Thursday, August 31, 2006

Linux Native Multipathing (Device Mapper-Multipath)

Over the past couple of years a flurry of OS Native multipathing solutions have become available. As a result we are seeing a trend towards these solutions and away from vendor specific multipathing software.

The latest OS Native multipathing solution is Device Mappper-Multipath (DM-Multipath) available with Red Hat Enterprise Linux 4.0 U2 and SuSE SLES 9.0 PS2.

I had the opportunity to configure it in my lab a couple of days ago and I was pleasantly surprised as to how easy was to configure it. Before I show how it's done, let me talk a little about how it works.

The multipathing layer sits above the protocols (FCP or iSCSI), and determines whether or not the devices discovered on the target, represent separate devices or whether they are just separate paths to the same device. In this case, Device Mapper (DM) is the multipathing layer for Linux.

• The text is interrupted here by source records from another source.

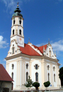 Baugeschichte der heutigen Anlage Im Herbst 1727 riss man die alte Kirche ab und Dominikus Zimmermann wurde mit dem Bau einer neuen Kirche beauftragt. Es entstand die erste deutsche Kirche mit ovalem Grundriss und Freipfeileranlage. Von außen kann man nicht erkennen, ob es sich um einen Zentralbau oder eine kreuzförmige Kirchenanlage handelt. Die vier barocken Giebel mit Voluten lassen einen kreuzförmigen Innenraum vermuten, die konvex geschwungenen Wandelemente zwischen Quer- und Längsachse lassen aber schon das Oval des Innenraums erahnen. Über dem Westportal thront ein Glockenturm mit Zwiebelhaube. Dominikus Zimmermann schuf eine einmalige Verschmelzung aus der ovalen Form des Sakralraums (im römischen Barock durch Bernini und Borromini populär geworden) und dem Vorarlberger Schema, welches ein Kirchenschiff vorsah, das durch zwei Reihen von Pfeilern gegliedert ist. Zimmermanns geniale Lösung: Dem ovalen Kirchenraum wird ein ebensolcher Ring aus zehn quadratischen Pfeilern einbeschrieben. Sie tragen die flache Kuppel des Innenraums. Zwischen dem Ring auf Pfeilern und der Außenwand entstand ein Umgang ohne echte Seitenschiffe.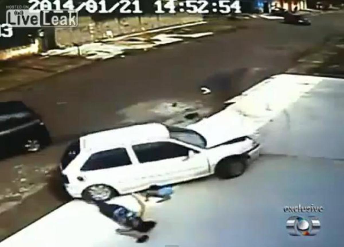 Scenă şocantă pe o stradă din Brazilia, în centrul oraşului Anápolis. O femeie şi nepotul ei au scăpat miraculos după ce o maşină, implicată într-o coliziune cu un alt autoturism, a trecut practic peste cei doi.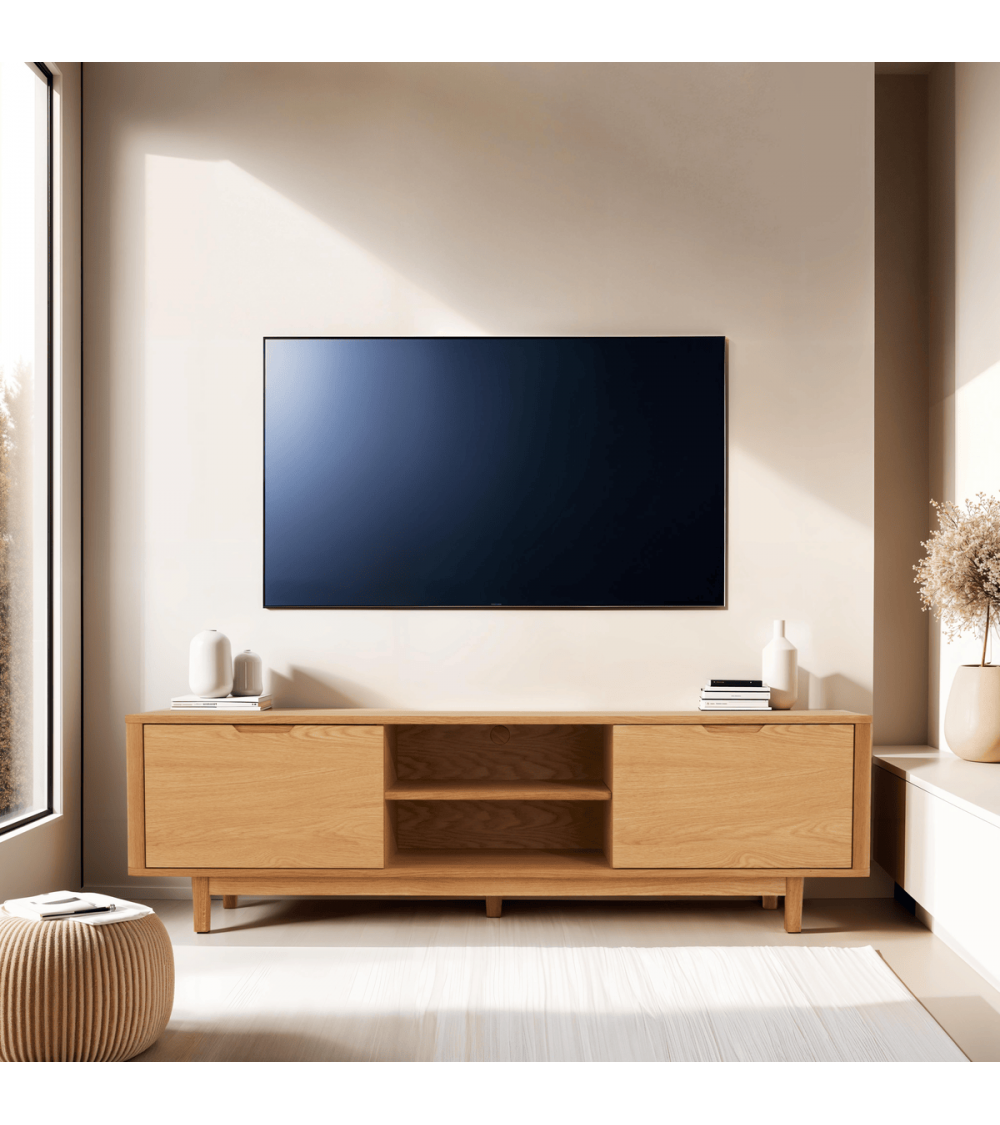 Tåsinge TV-bord i hvidolieret ege finér 180 x 45 cm, låger med soft close og ledningsudtræk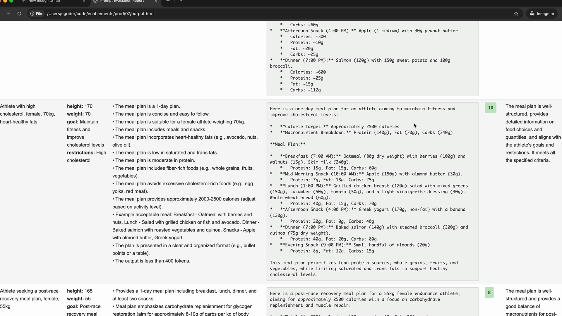 프롬프트 평가를 실행할 때, 예시로 활용할 가장 높은 점수의 출력물을 찾아보세요: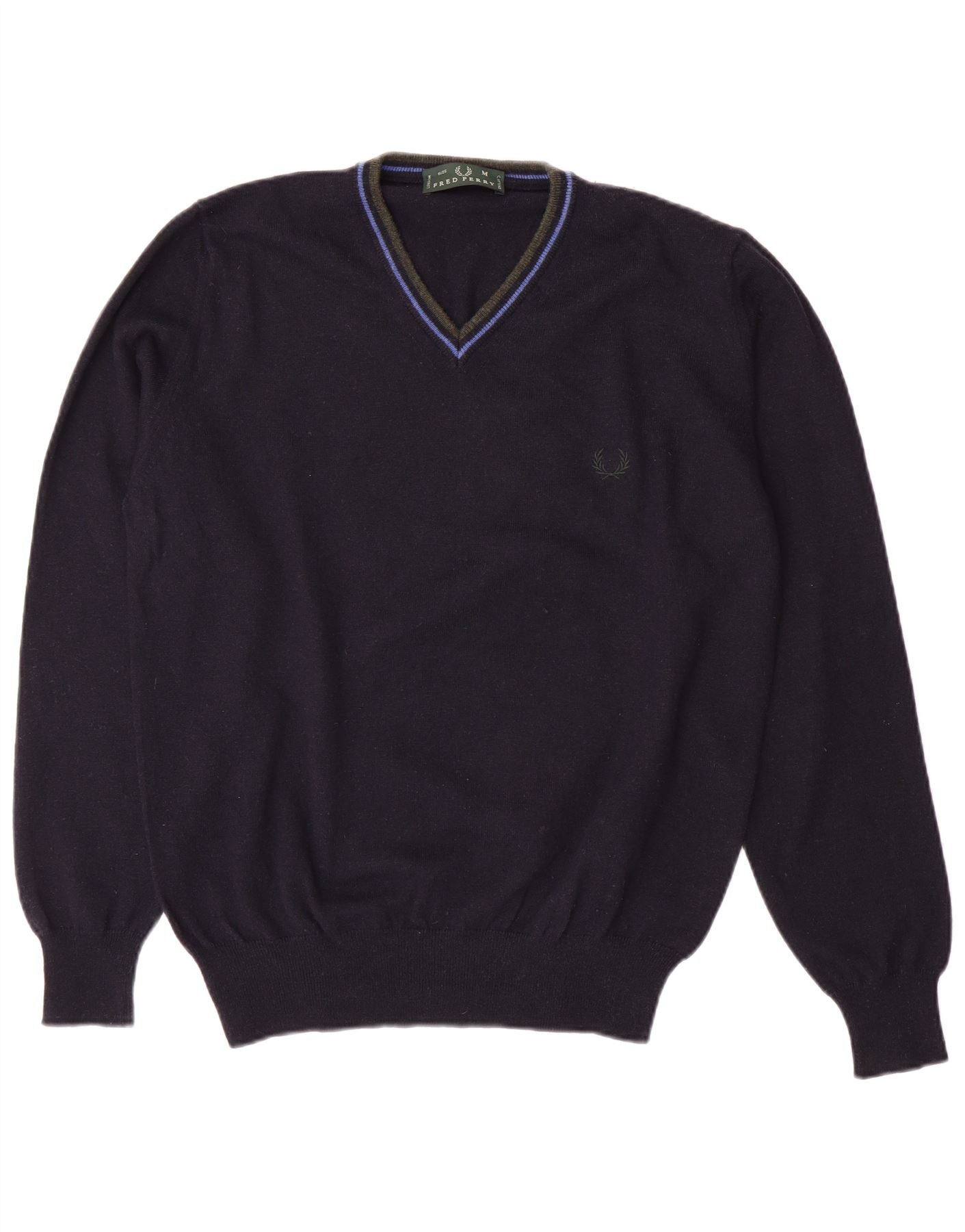Мужской джемпер с v-образным вырезом FRED PERRY, средний темно-синий шерстяной свитер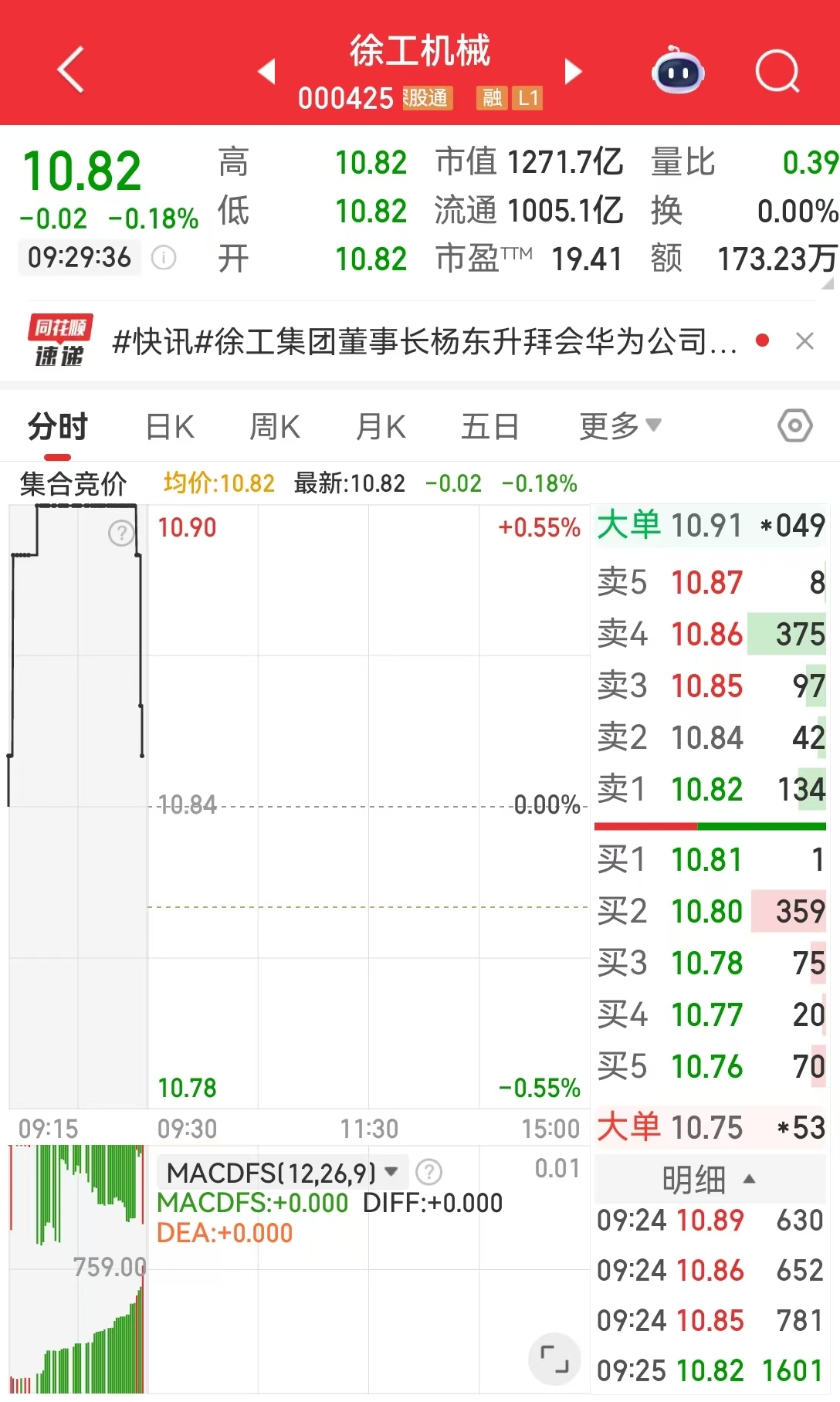 截至11月7日發稿,徐工機械(SH000425)報10.82元,跌幅0.18%,市值1271.7億元。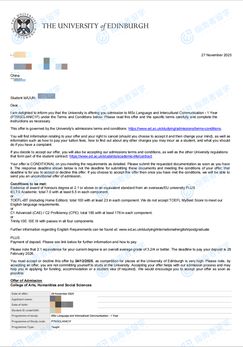 愛丁堡大學語言與跨文化交流理學碩士研究生offer一枚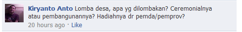 Dalam hal ini saya lihat yang menjadi permasalahan adalah format Lomba Desa yang digunakan yang sepintas dari kejauhan terlihat sebagai warisan saklek dari jaman Orde Baru. 😀
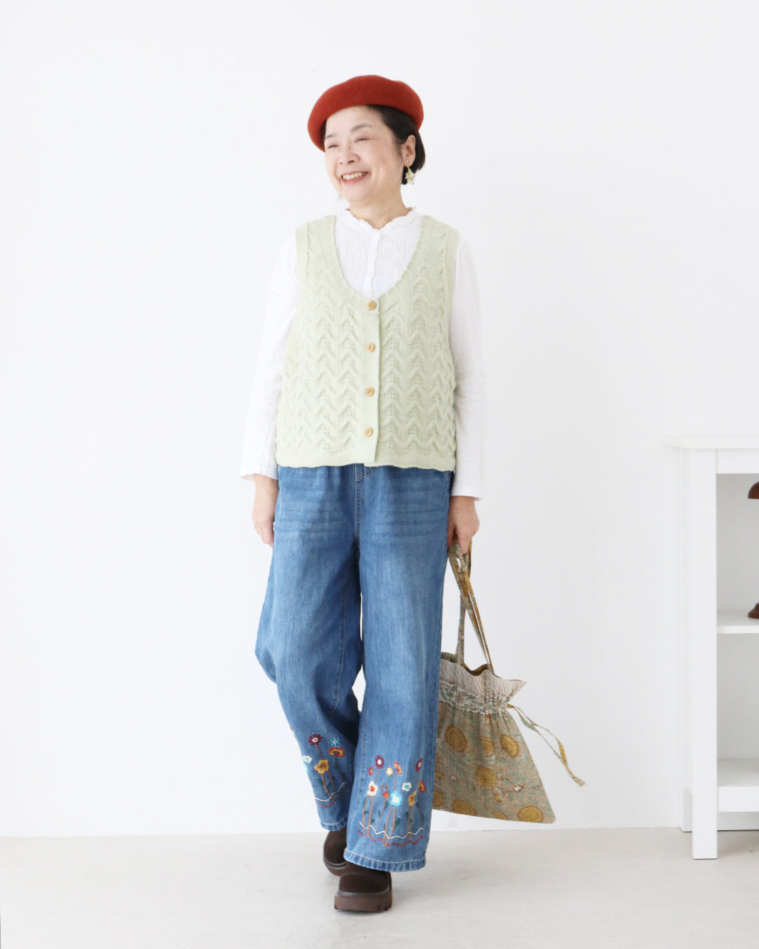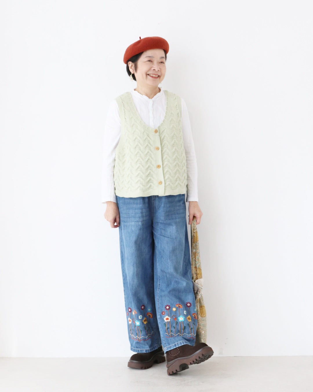 お花刺繍がポイントのデニムパンツを主役に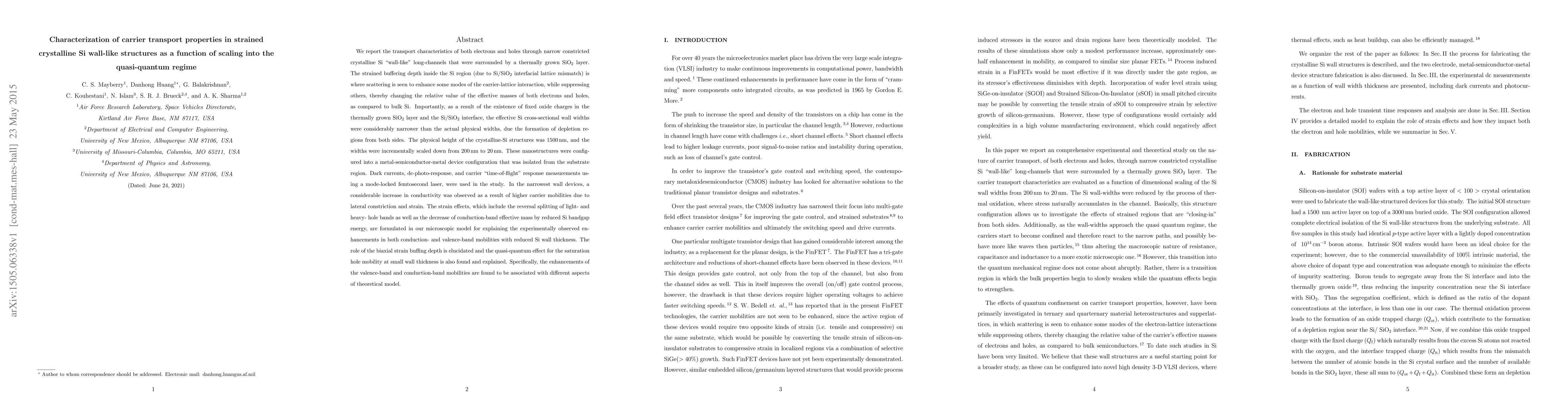 We report the transport characteristics of both electrons and holes through narrow constricted crystalline Si "wall-like" long-channels that were surrounded by a thermally grown SiO2 layer. Importantly, as a result of the existence of fixed oxide charges in the thermally grown SiO2 layer and the Si/SiO2 interface, the effective Si cross-sectional wall widths were considerably narrower than the actual physical widths, due the formation of depletion regions from both sides. These nanostructures were configured into a metal-semiconductor-metal device configuration that was isolated from the substrate region. Dark currents, dc-photo-response, and carrier "time-of-flight" response measurements using a mode-locked femtosecond laser, were used in the study. In the narrowest wall devices, a considerable increase in conductivity was observed as a result of higher carrier mobilities due to lateral constriction and strain. The strain effects, which include the reversal splitting of light- and heavy- hole bands as well as the decrease of conduction-band effective mass by reduced Si bandgap energy, are formulated in our microscopic model for explaining the experimentally observed enhancements in both conduction- and valence-band mobilities with reduced Si wall thickness. The role of the biaxial strain buffing depth is elucidated and the quasi-quantum effect for the saturation hole mobility at small wall thickness is also found and explained. Specifically, the enhancements of the valence-band and conduction-band mobilities are found to be associated with different aspects of theoretical model.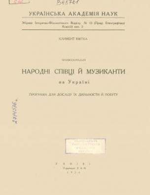 Професіональні народні співці й музиканти на Україні [Електронна копія] : прогр. для досліду їх діяльн. й побуту / Климент Квітка. Електрон. текст. дані (1 файл : 43,5 Мб). У Київі : З друк. У.А.Н., 1924 (Київ: НБУ ім. Ярослава Мудрого, 2011). (Збірник Історично-Філологічного Відділу. Праці Етнографічної Комісії / Укр. акад. наук |v № 13; вип. 2).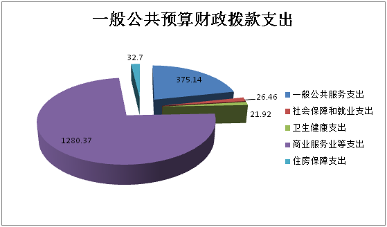2021年一般公共预算财政拨款支出1736.59万元,主要用于以下方面:一般公共服务支出375.14万元,占21.60%;社会保障和就业支出26.46万元,占1.52%;卫生健康支出21.92万元,占1.26%;商业服务业等支出1280.37万元,占73.73%;住房保障支出32.7万元,占1.89%。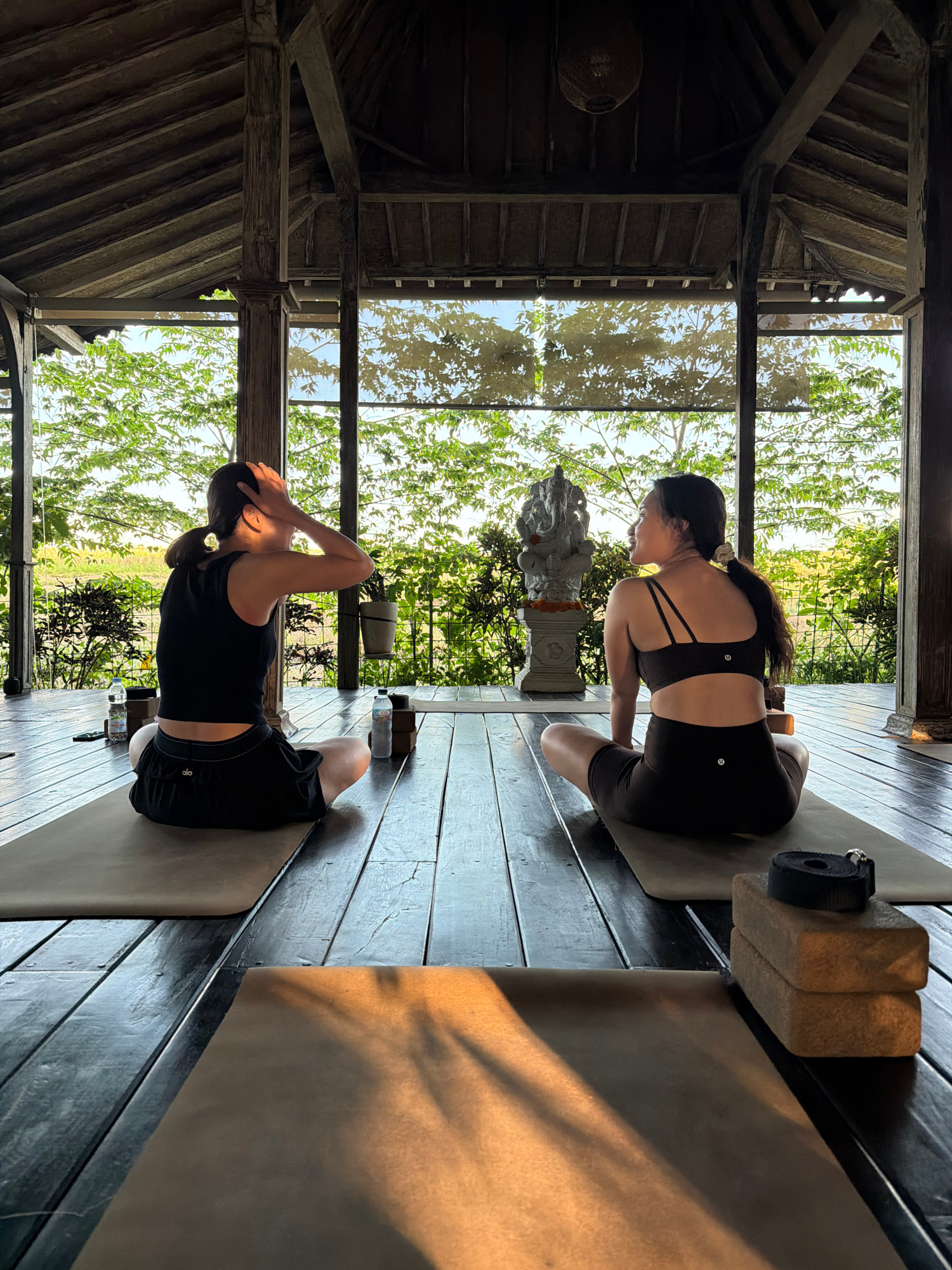 Two women are practicing yoga in a wooden building with an open view to the outside. The building has a complex wooden roof structure and is surrounded by trees and plants. One woman is wearing a dark…read more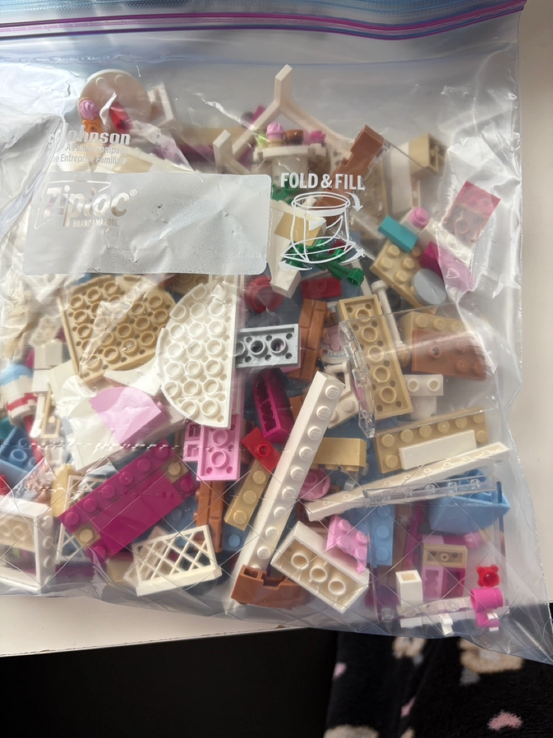 Bag of assorted LEGO pieces. Various colours and sizes. Great for building or supplementing existing sets. Includes small parts.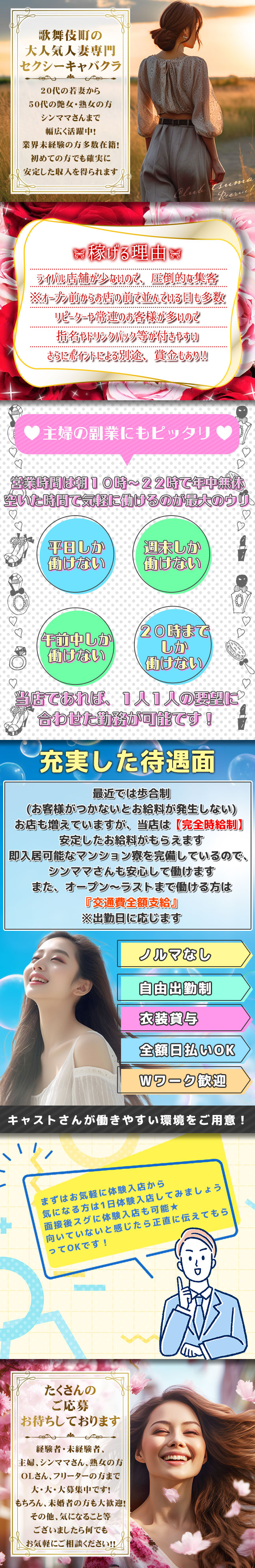 若いキャストさんがほとんどいないので、抵抗なく働くことが出来ています☆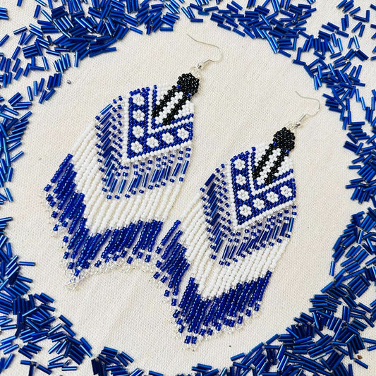 Native Feather Beaded Drop Earrings – Handmade Black & Blue Color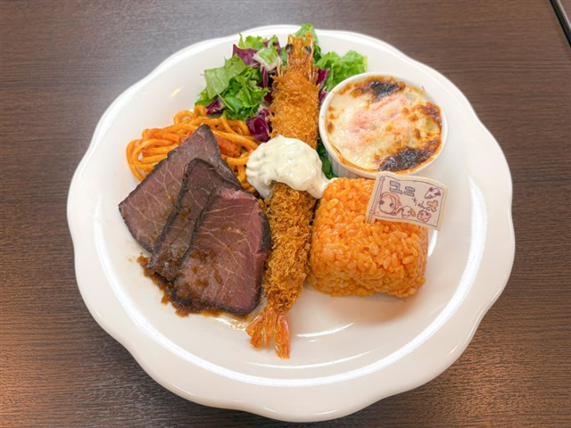 「ユニの仮想模擬家族演習(おままごと)ランチ」といった【なかよし部】のメンバーにちなんだメニューだけでなく、ぺコリーヌの大好物「エビ天おにぎり」の定食や「メルクリゾート特製! 絶品トゥンヌス丼」などラインナップは豊富な。ドリンクメニューはコラボ風呂にも登場した温泉をモチーフにしたメニューとなっている。

To determine which SCSI devices/paths correspond to the same LUN, the DM initiates a SCSI Inquiry. The inquiry response, among other things, carries the LUN serial number. Regardless of the number paths a LUN is associated with, the serial number for the LUN will always be the same. This is how multipathing SW determines which and how many paths are associated with each LUN.

Before you get started you want to make a sure the following things are loaded:

  • device-mapper-1.01-1.6 RPM is loaded
  • multipath-tools-0.4.5-0.11
  • Netapp FCP Linux Host Utilities 3.0

Make a copy of the /etc/multipath.conf file. Edit the original file and make sure you only have the following entries uncommented out. If you don't have Netapp the section then add it.

defaults {
user_friendly_names yes
devnode_blacklist {
devnode "sd[a-b]$"
devnode "^(ramrawloopfdmddm-srscdst)[0-9]*"
devnode "^hd[a-z]"
devnode "^cciss!c[0-9]d[0-9]*"

devices {
device {
vendor "NETAPP "
product "LUN"
path_grouping_policy group_by_prio
getuid_callout "/sbin/scsi_id -g -u -s /block/%n"
prio_callout"/opt/netapp/santools/mpath_prio_ontap /dev/n"
features "1 queue_if_no_path"
path_checker readsector0
failback immediate

The devnode_blacklist includes devices for which you do not want multipathing enabled. So if you have a couple of local SCSI drives (i.e sda and sdb) the first entry in the blacklist will exclude them. Same for IDE drives (hd).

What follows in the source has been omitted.